§ About this task
I'd like the data below restated word for word, with the pictures left out.

§ Raw data
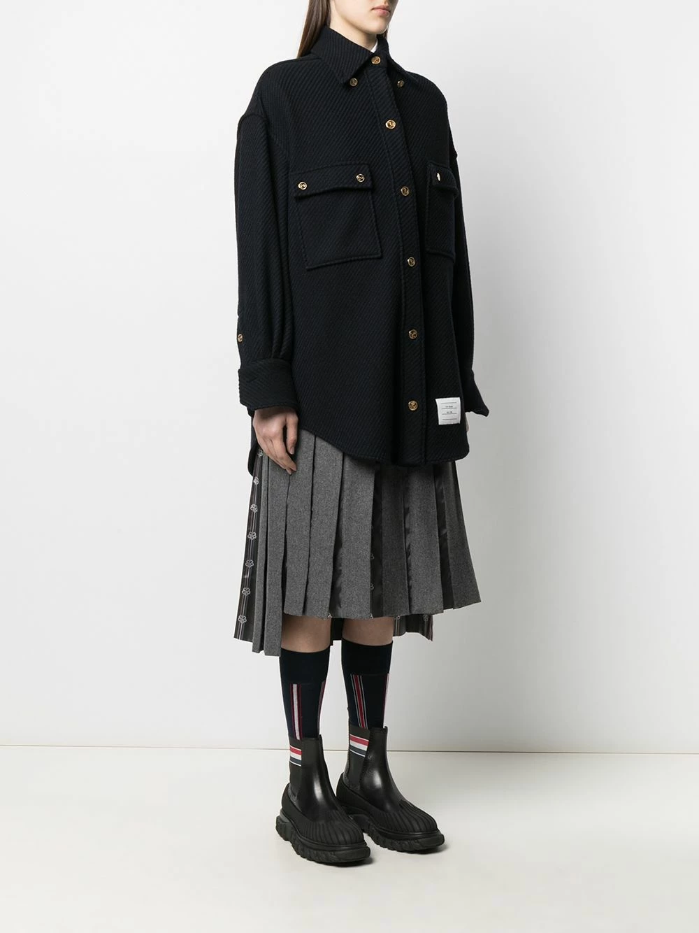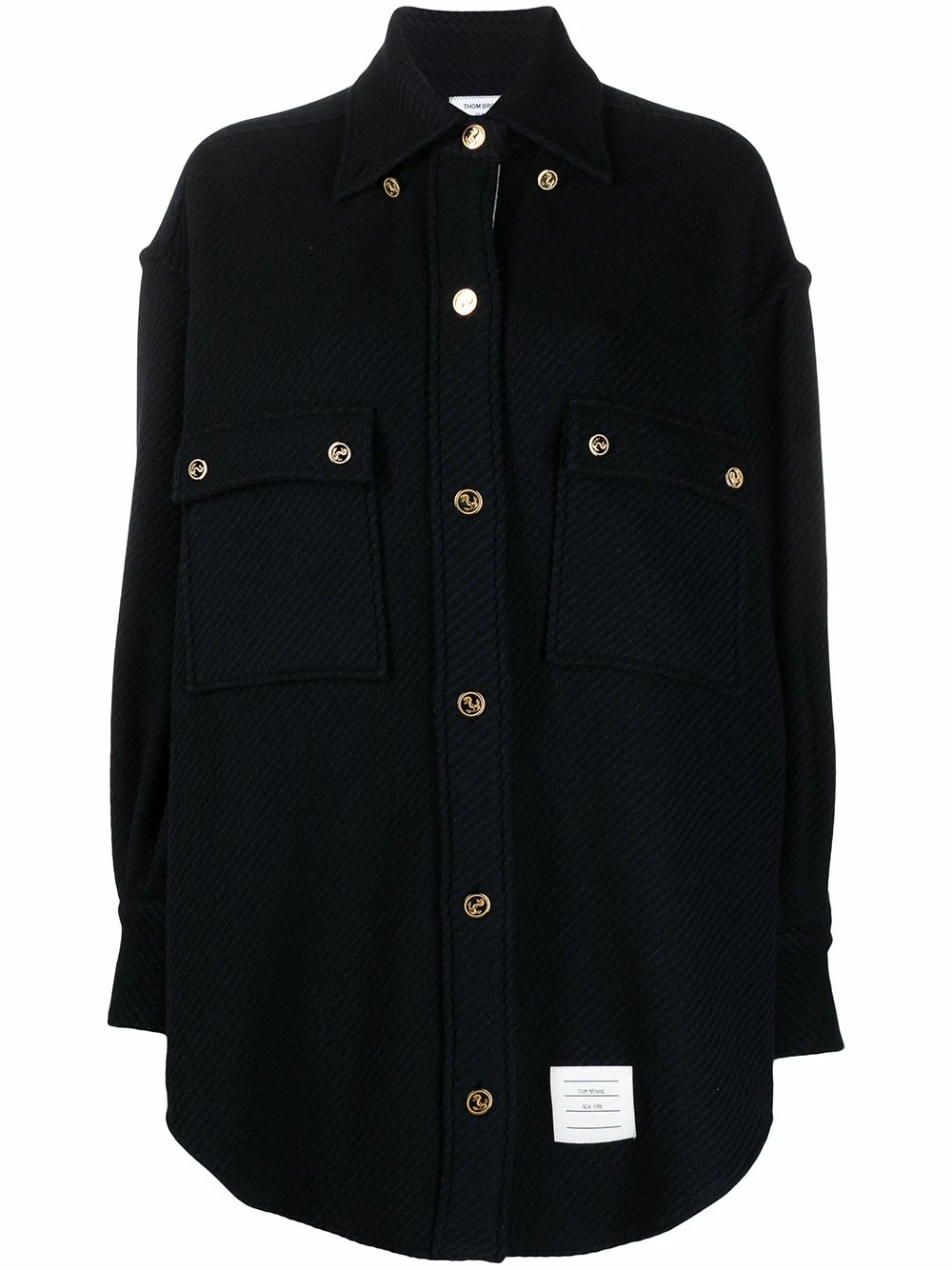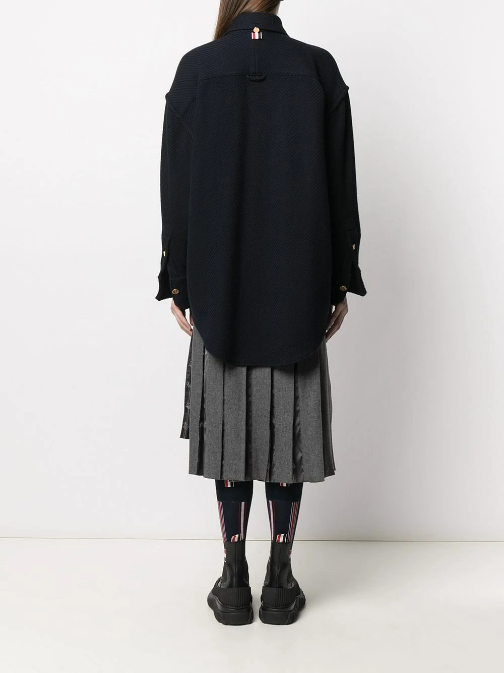 Elevated wardrobe staples, courtesy of Thom Browne. Crafted from twill cashmere tweed, this supersized shirt will add a touch of refinement to your outfit. Exquisite.
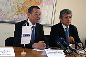 Zhanybek Karibzhanov, Special Envoy of the OSCE Chairperson-in-Office, is interviewed by the media in Bishkek, 9 April 2010. On the left is interim Kyrgyz Deputy Foreign Minister Nurlan Aytmurzaev.
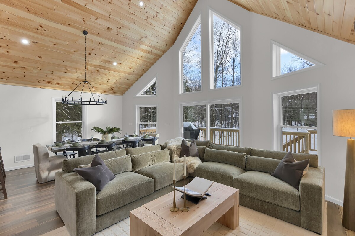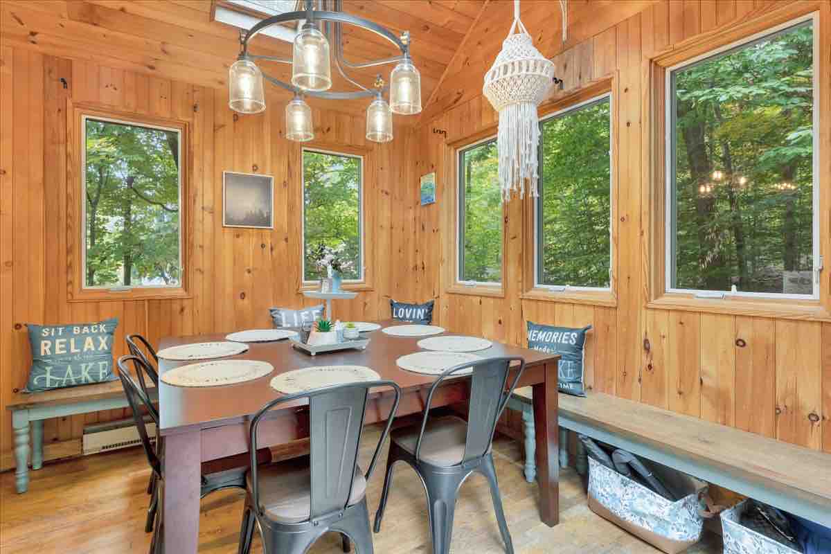 Escape to our spacious winter cabin, surrounded by a peaceful forest backdrop and often blanketed in snow, with warm holiday décor inside. Enjoy cozy indoor and outdoor seating, a hot tub in a private gazebo, porch swing, hammock, and a crackling fire pit for starlit nights. Inside, an open-plan living area, games, and comfy bedrooms await. Minutes from cute restaurants, skiing, lakes, and trails—perfect for relaxing and soaking in the charm of the Poconos.
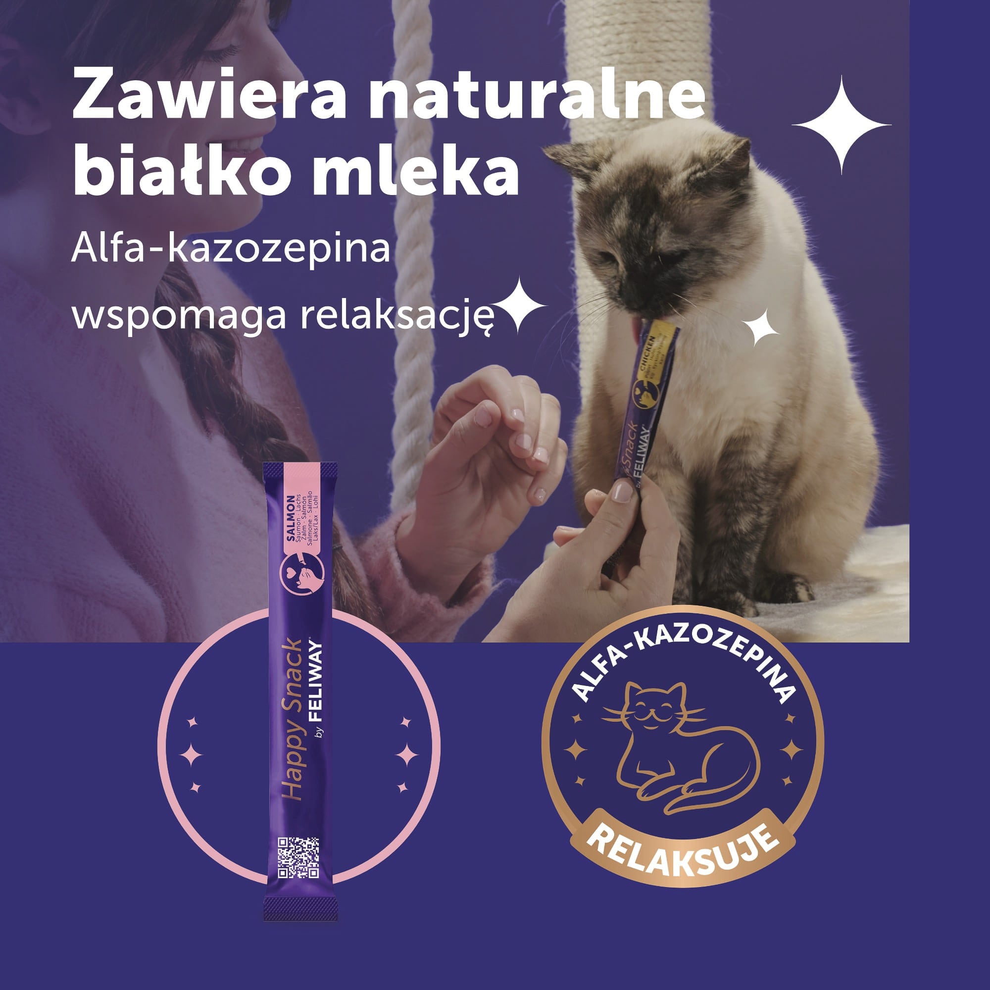 Alfa-kazozepina to naturalne białko mleka, które skutecznie wspiera układ nerwowy kota, pomagając mu radzić sobie ze stresem i niepokojem w trudnych sytuacjach. Happy Snack z łososiem działa łagodząco podczas nieoczekiwanych lub nietypowych wydarzeń, takich jak wizyty weterynaryjne, podróże, zmiana otoczenia czy inne stresujące okoliczności. Dzięki tej unikalnej formule przekąska pomaga zachować spokój i równowagę emocjonalną zwierzęcia, wspierając jego ogólne samopoczucie. Jest to lekka przekąska, którą pokochają wszystkie koty.

§ Answer to this task
 Elevated wardrobe staples, courtesy of Thom Browne. Crafted from twill cashmere tweed, this supersized shirt will add a touch of refinement to your outfit. Exquisite.
 Zhanybek Karibzhanov, Special Envoy of the OSCE Chairperson-in-Office, is interviewed by the media in Bishkek, 9 April 2010. On the left is interim Kyrgyz Deputy Foreign Minister Nurlan Aytmurzaev.
 Escape to our spacious winter cabin, surrounded by a peaceful forest backdrop and often blanketed in snow, with warm holiday décor inside. Enjoy cozy indoor and outdoor seating, a hot tub in a private gazebo, porch swing, hammock, and a crackling fire pit for starlit nights. Inside, an open-plan living area, games, and comfy bedrooms await. Minutes from cute restaurants, skiing, lakes, and trails—perfect for relaxing and soaking in the charm of the Poconos.
 Alfa-kazozepina to naturalne białko mleka, które skutecznie wspiera układ nerwowy kota, pomagając mu radzić sobie ze stresem i niepokojem w trudnych sytuacjach. Happy Snack z łososiem działa łagodząco podczas nieoczekiwanych lub nietypowych wydarzeń, takich jak wizyty weterynaryjne, podróże, zmiana otoczenia czy inne stresujące okoliczności. Dzięki tej unikalnej formule przekąska pomaga zachować spokój i równowagę emocjonalną zwierzęcia, wspierając jego ogólne samopoczucie. Jest to lekka przekąska, którą pokochają wszystkie koty.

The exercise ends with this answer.